AIM OF THE TASK: Reproduce every entry word for word. Drop all pictures from the copy.

------ DATA EXCERPTS ------

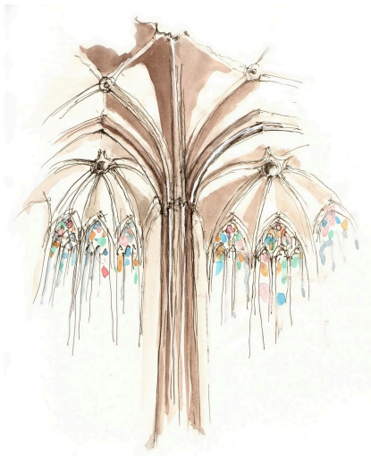
A. Scolbétzine, Cathédrale de Narbonne.

Cette exposition, « dessiner l'architecture # 2 » fait suite à une première partie présentée à la librairie En Traits Libres du 18 septembre au 8 novembre 2025 qui a proposé des observations sensibles [pour capter le monde], récits dessinés [pour expliquer, partager], aquarelles [pour lire le paysage], utopies [pour rêver].
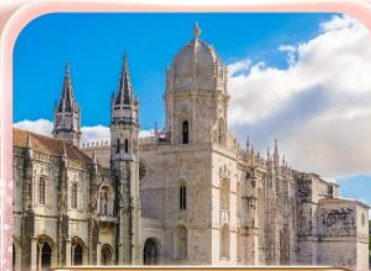
มหาวิหารจอร์นิโอ
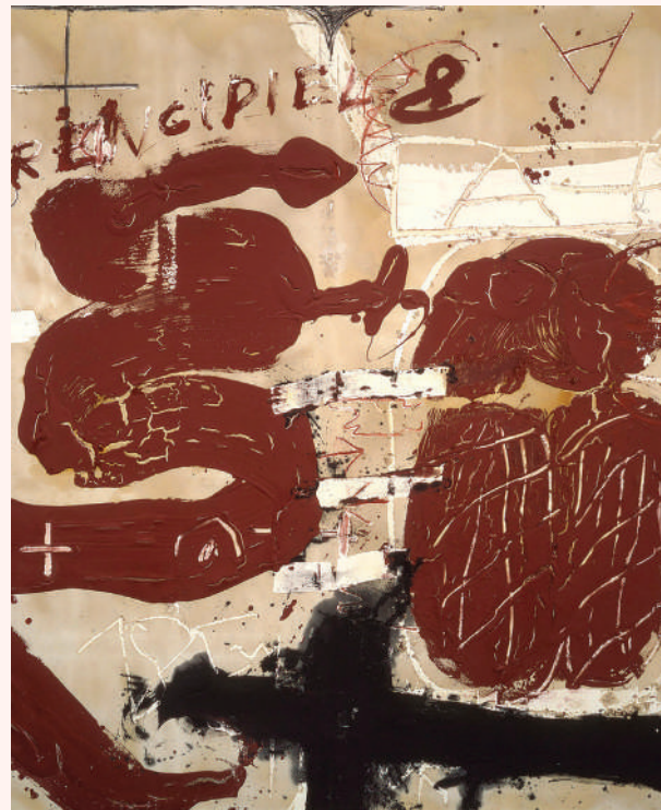
Antoni Tàpies - La croix et la matière

Face à ce démantèlement, l'appel de L'APRÈS lancé le 22 juillet 2025 résonne comme un signal d'alarme. Il ne s'agit plus seulement de réclamer des budgets, mais de défendre un modèle de société. La culture n'est pas une va-

------

SOLUTION FOR THIS PROBLEM:
A. Scolbétzine, Cathédrale de Narbonne.

Cette exposition, « dessiner l'architecture # 2 » fait suite à une première partie présentée à la librairie En Traits Libres du 18 septembre au 8 novembre 2025 qui a proposé des observations sensibles [pour capter le monde], récits dessinés [pour expliquer, partager], aquarelles [pour lire le paysage], utopies [pour rêver].
มหาวิหารจอร์นิโอ
Antoni Tàpies - La croix et la matière

Face à ce démantèlement, l'appel de L'APRÈS lancé le 22 juillet 2025 résonne comme un signal d'alarme. Il ne s'agit plus seulement de réclamer des budgets, mais de défendre un modèle de société. La culture n'est pas une va-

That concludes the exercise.